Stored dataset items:
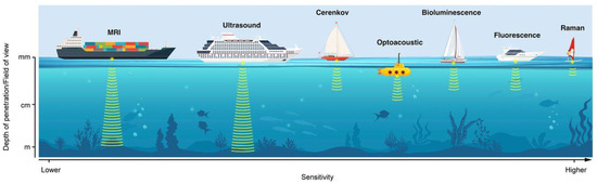 Schematic representation of various optical imaging modalities discussed in this review. Different modalities are represented as different boats, each with its individual pros and cons and its specific utility. The x-axis represents sensitivity (lower to high, left to right). The y-axis represents the depth of penetration/field of view, as indicated below each boat. Reprinted with permission from Ref. [68]. Copyright 2020, Society of Nuclear Medicine and Molecular Imaging.
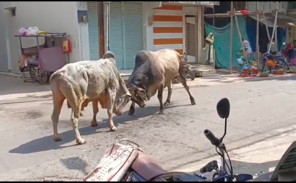 रविवार को सुबह नगर के सदर बाजार मेंन रोड पर दो सांडों की लड़ाई छिड़ गई। जिससे मेंन रोड से गुजरने वाले आम नागरिकों व वाहन चालकों को वहां से गुजरने में काफी दिक्कतो का सामना करना पड़ा। कई देर तक दोनों सांड आपस में लड़ते दिखाई दिए। लोगों ने जैसे तैसे करके दोनो सांडों पर पानी डालकर झगड़े को शांत करवाने का प्रयास किया। लेकिन सांडों पर पानी का कोई भी असर नहीं हुआ। लोगों ने डंडो के सहारे सांडों को खदेड़ ना शुरू की। ओर दोनों सांडों को अलग अलग करके भगाया। लोगो का कहना है कि सांडों की वजह से कभी नगर मे गंभीर घटना हो सकती है।
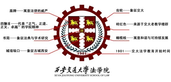 2010年10月25日,在法学院全体师生的见证下,西安交通大学校长、中国工程院院士郑南宁教授与教育部法学教育指导委员会主任、吉林省高级人民法院院长兼党组书记张文显教授共同为法学院院徽揭幕并挂牌。院徽设计庄重大方、色彩明快、寓意深广。现将院徽的基本设计含义公布如下:
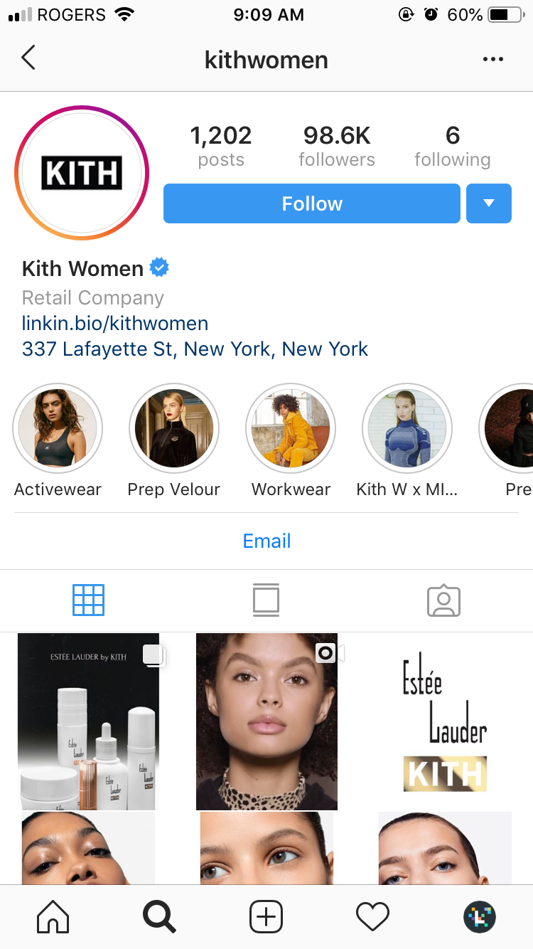 The New York-based streetwear brand @kithwomen uses Instagram Stories Highlight to showcase its product collections, including activewear, workwear, collegiate, and more.
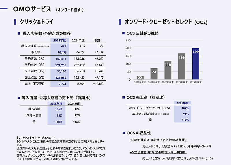 公式ECサイト「ONWARD CROSSET(オンワードクローゼット)」の商品を、実店舗で取り寄せて試着するOMOサービス「クリック&トライ」の導入店舗数は、2025年2月期末から29店増の442店舗。導入率は同6.1ポイント増加の70.4%となった。予約点数は同4.5%増の29万4956点と好調に推移した。また「クリック&トライ」導入店舗の売上高は未導入店舗と比べ前期比で10%上回った。
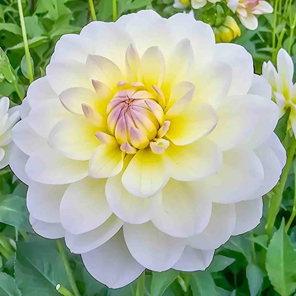A staff favorite from our test gardens, Sandia Serenity charms in a perfect 5" flower form and creamy white petals tipped in a lavender blush, and showing soft yellow at the centers. The overall effect is quite dreamy, and from a distance, the blooms appear white with pale lavender. Only a closer look reveals the pale yellow interiors. Robust, 48" tall plants are fast growing, highly productive and make a nice appearance in the landscape with rich green foliage and a plethora of fully double blooms from midsummer to frost. Gardeners can enjoy Sandia Serenity indoors as a stellar cut arrangement, or outdoors in a back border or large container.
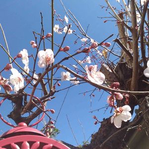 撮った📸のは、3月上旬です。 花の付き方はどーみても 桜🌸のような気がするのですが、 花びらがまん丸で。。。 桜の花びらって、先が割れてたりしますよねぇ❓ なんと言う桜?の種類なのやら🤔 【追記】その後、ベニバスモモらしいことが判明しました❗ この時期、サクラの開花と間違えられることが多いお花なんだそうです😅 とっても勉強になりました~😆💕✨
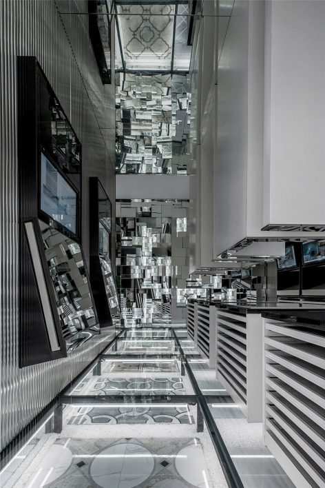 Here, the unique charm of the display comes from the sketches of the space temperament. Seemingly wantonly in order to stack the orderly glass, guide the intertwined and penetrating of the views, and its clear mirror reflection effect stretchs and amplification of the original space. Display items in the bizarre space-time transform to a more refined expression. Corresponding to the spatial temperament of the cylindrical stainless steel set, it brings a variety of refraction light. At the same time, the light forms a diffuse reflection, it also gives the magnificent changes to the space. On the side wall, vertical metal grains represent the absolute rationality and order; the combination of stainless steel and black mirror, leads to the philosophic metaphor about black and white, the chaos and clear.
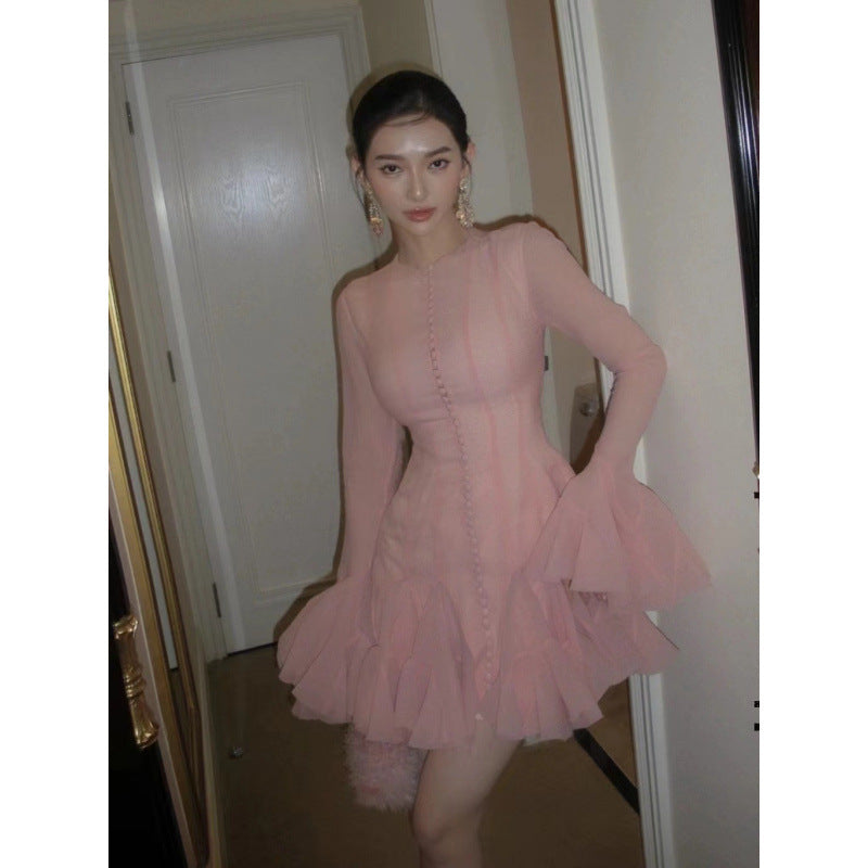Design Long-Sleeved Body To Reduce The Age Of Sweet Dating Dress French Adult Fair Fairy Dress
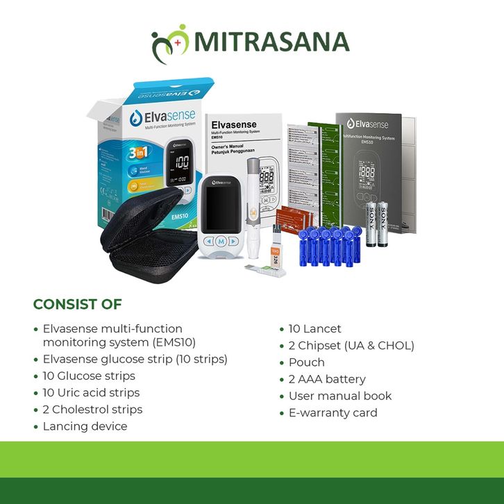 Elvasense MFM 3 in 1 System - Alat Cek 3in1 Elvasense (Gula Darah, Kolesterol & Asam Urat)
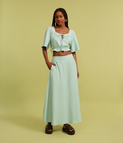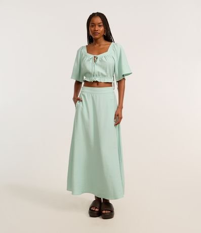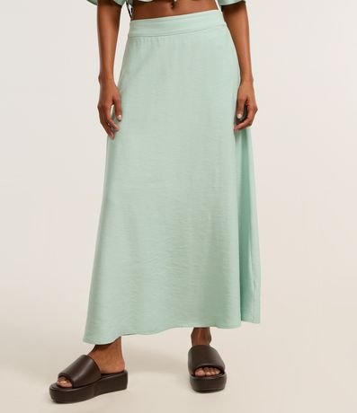 Ref: Saia long midi, evasê com elástico no cós, confeccionada em viscose mas sustentável, pregas e bolsos laterais.
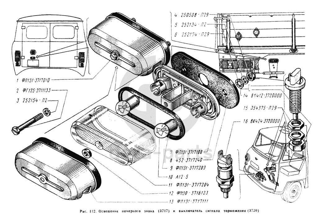 Освещение номерного знака, выключатель сигнала торможения УАЗ 3303
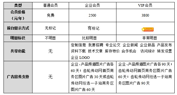 企業會員:齒輪傳動網為您提供的尊貴會員服務。全程享受貴賓服務、體會尊崇身份;擁有多種增值服務、享有網站各種推廣、優惠活動的優先權利!強大的會員特權全面您的企業品牌知名度和產品曝光率!
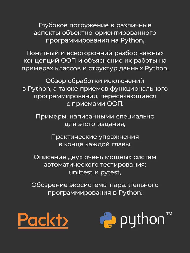 💳 Оплатить за товар можно при получении 🇰🇿 Есть бесплатная доставка по Казахстану от 1 дня 🎁 Копите бонусы с каждой покупки Серия: Библиотека программиста Глубоко погрузитесь в различные аспекты объектно-ориентированного программирования на Python, паттерны проектирования, приемы манипулирования данными и вопросы тестирования сложных объектно-ориентированных систем. Обсуждение всех понятий подкрепляется примерами, написанными специально для этого издания, и практическими упражнениями в конце каждой главы. Код всех примеров совместим с синтаксисом Python 3.9+ и дополнен аннотациями типов для упрощения изучения. |
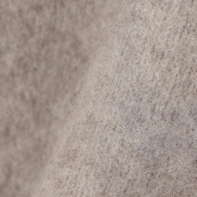 表面はフォックス混の糸、裏面はポリエステル糸でダブルフェイス組織でしっかり編み上げた素材です。
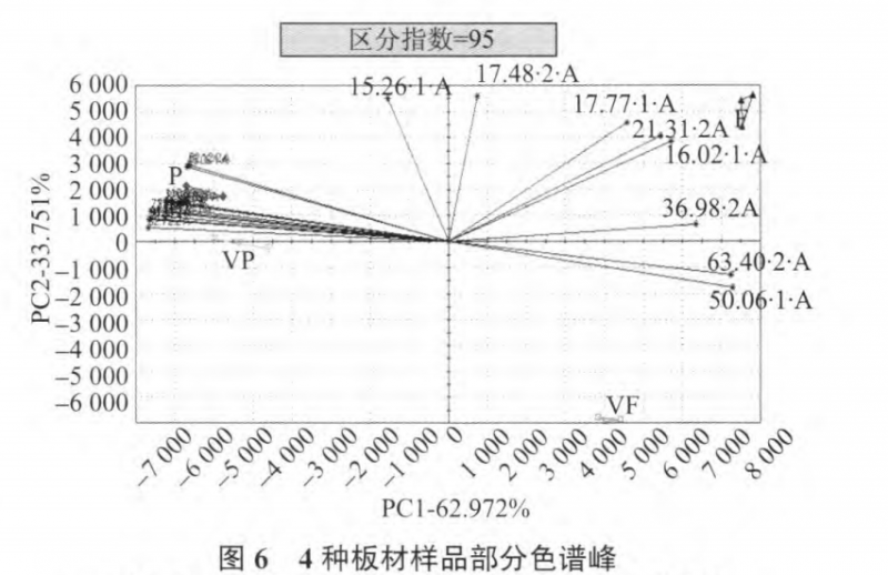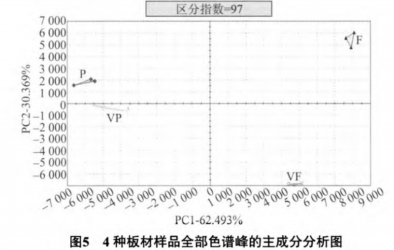 為減少試驗過程中的誤差,選取試驗中的3組數據進行分析。根據試驗方法,選擇試驗結果中的全部色譜峰進行PCA分析,得到圖5。當區分指數(Discrimination index)>80時就可以認為二者區分度較好,且數值越接近100區分度越高。由圖5可知,主成分1(PC 1)即橫坐標對4種板材的區分度為62.493%,主成分2(PC 2)縱坐標的區分度為30.369%。電子鼻將所有的區別因素化繁為簡,綜合提取了兩種區分因素即PPC l和PC 2便可將4種板材樣品區別開來。4種板材的區分指數為97,這說明Heracles II能夠很好地區分不同的人造板材樣品。
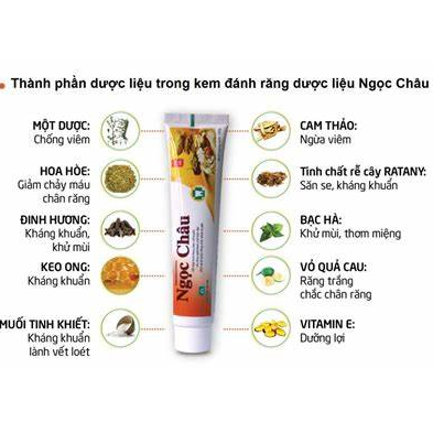 (Combo 5 tuýp) Kem đánh răng dược liệu Ngọc Châu 20 g*5 tuýp
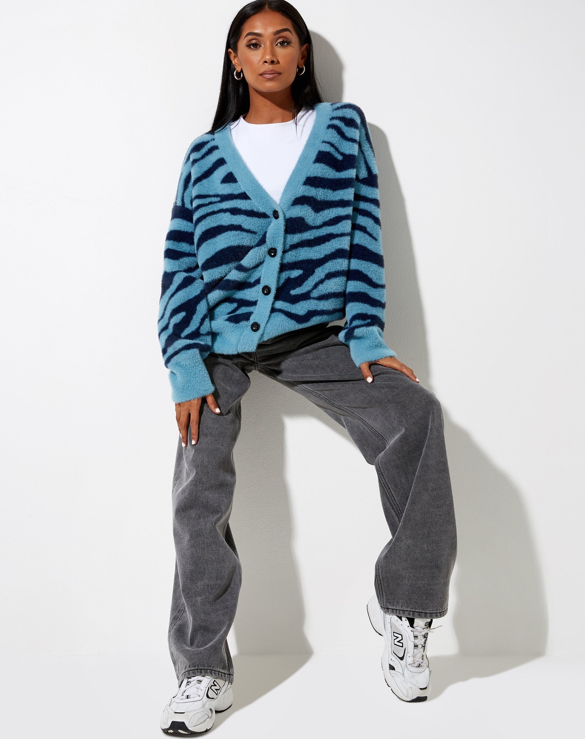 Knitwear, we're here for you. Th Uriela cardi in a blue and zebra print, features long sleeves, v neckline and button up front. Wear it open or done up with your fave denim.
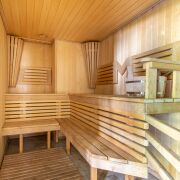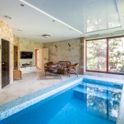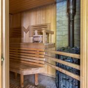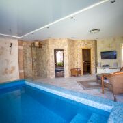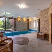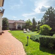 На участке расположен банный комплекс с бассейном и 2 саунами (русская баня на дровах и хамам). Красивая и уютная терраса для отдыха с барбекю и русской печью.
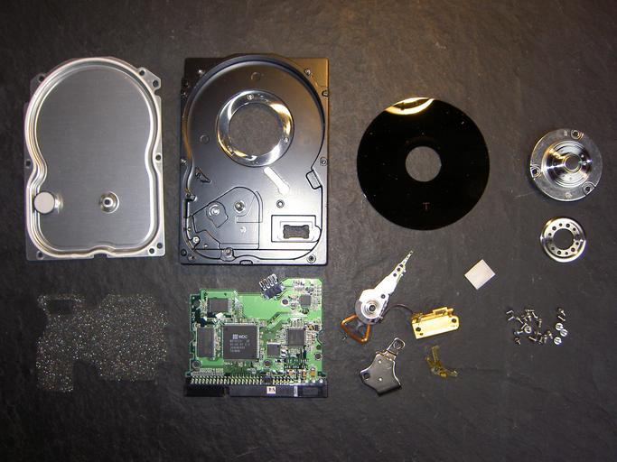 | Keywords: Festplatte.JPG de Festplatte 8GB in ihre kompletten Einzelteile zerlegt en Hard disk 8GB seperated into its individual parts es Disco duro de 8GB separado en sus componentes individuales 2006-02-18 own assumed Rednammoc~commonswiki 3 5 hard disks Disassembled hard disks Hard disk heads Hard disk motors ImageNote 1 119 701 102 94 2272 1704 2 Breather with filter ImageNoteEnd 1 ImageNote 2 679 659 94 82 2272 1704 2 Filter mount ImageNoteEnd 2 ImageNote 3 1704 954 131 125 2272 1704 2 Filter ImageNoteEnd 3 ImageNote 4 1488 895 54 62 2272 1704 2 Heads ImageNoteEnd 4 ImageNote 5 1352 1110 43 54 2272 1704 2 Actuator bearing ImageNoteEnd 5 ImageNote 6 866 747 43 43 2272 1704 2 Actuator pin ImageNoteEnd 6 ImageNote 7 1295 1306 216 148 2272 1704 2 Actuator neodym permanent magnet ImageNoteEnd 7 ImageNote 8 690 1394 293 77 2272 1704 2 IDE/PATA interface ImageNoteEnd 8 ImageNote 9 1000 1406 77 68 2272 1704 2 Jumper pins ImageNoteEnd 9 ImageNote 10 1085 1400 136 85 2272 1704 2 Powersupply connector +5V GND GND +12V ImageNoteEnd 10 ImageNote 11 1522 1136 173 102 2272 1704 2 Head and actuator connector ImageNoteEnd 11 ImageNote 12 1045 1323 91 43 2272 1704 2 Head and actuator connector ImageNoteEnd 12 ImageNote 13 1028 809 122 85 2272 1704 2 Head and actuator connector notch ImageNoteEnd 13 ImageNote 14 824 1198 128 131 2272 1704 2 controller ImageNoteEnd 14 ImageNote 15 721 1201 80 125 2272 1704 2 cache RAM ImageNoteEnd 15 ImageNote 16 1096 1079 60 62 2272 1704 2 motor driver ImageNoteEnd 16 ImageNote 17 1045 1201 88 91 2272 1704 2 head signal driver ImageNoteEnd 17 ImageNote 18 937 1005 108 99 2272 1704 2 motor connector ImageNoteEnd 18 ImageNote 19 1957 454 264 295 2272 1704 2 disk bearing with motor inside ImageNoteEnd 19 ImageNote 20 1315 346 488 503 2272 1704 2 disk storing magnetic data ImageNoteEnd 20 ImageNote 21 1406 1125 28 60 2272 1704 2 head signal driver / amplifier ImageNoteEnd 21 ImageNote 22 761 1085 99 85 2272 1704 2 firmware flashROM ImageNoteEnd 22 ImageNote 23 974 1252 68 82 2272 1704 2 actuator driver and voltage regulator ImageNoteEnd 23 ImageNote 24 1991 795 173 182 2272 1704 2 disk mount ImageNoteEnd 24 |

Exercise aim: Nothing outside the stretch above, from the line with "Освещение номерного знака, выключатель" through the line with "(Combo 5 tuýp)", is set down. Transcribe that stretch exactly, ends included, but not its pictures.

Solution to this task:
 Освещение номерного знака, выключатель сигнала торможения УАЗ 3303
 企業會員:齒輪傳動網為您提供的尊貴會員服務。全程享受貴賓服務、體會尊崇身份;擁有多種增值服務、享有網站各種推廣、優惠活動的優先權利!強大的會員特權全面您的企業品牌知名度和產品曝光率!
 💳 Оплатить за товар можно при получении 🇰🇿 Есть бесплатная доставка по Казахстану от 1 дня 🎁 Копите бонусы с каждой покупки Серия: Библиотека программиста Глубоко погрузитесь в различные аспекты объектно-ориентированного программирования на Python, паттерны проектирования, приемы манипулирования данными и вопросы тестирования сложных объектно-ориентированных систем. Обсуждение всех понятий подкрепляется примерами, написанными специально для этого издания, и практическими упражнениями в конце каждой главы. Код всех примеров совместим с синтаксисом Python 3.9+ и дополнен аннотациями типов для упрощения изучения. |
 表面はフォックス混の糸、裏面はポリエステル糸でダブルフェイス組織でしっかり編み上げた素材です。
 為減少試驗過程中的誤差,選取試驗中的3組數據進行分析。根據試驗方法,選擇試驗結果中的全部色譜峰進行PCA分析,得到圖5。當區分指數(Discrimination index)>80時就可以認為二者區分度較好,且數值越接近100區分度越高。由圖5可知,主成分1(PC 1)即橫坐標對4種板材的區分度為62.493%,主成分2(PC 2)縱坐標的區分度為30.369%。電子鼻將所有的區別因素化繁為簡,綜合提取了兩種區分因素即PPC l和PC 2便可將4種板材樣品區別開來。4種板材的區分指數為97,這說明Heracles II能夠很好地區分不同的人造板材樣品。
 (Combo 5 tuýp) Kem đánh răng dược liệu Ngọc Châu 20 g*5 tuýp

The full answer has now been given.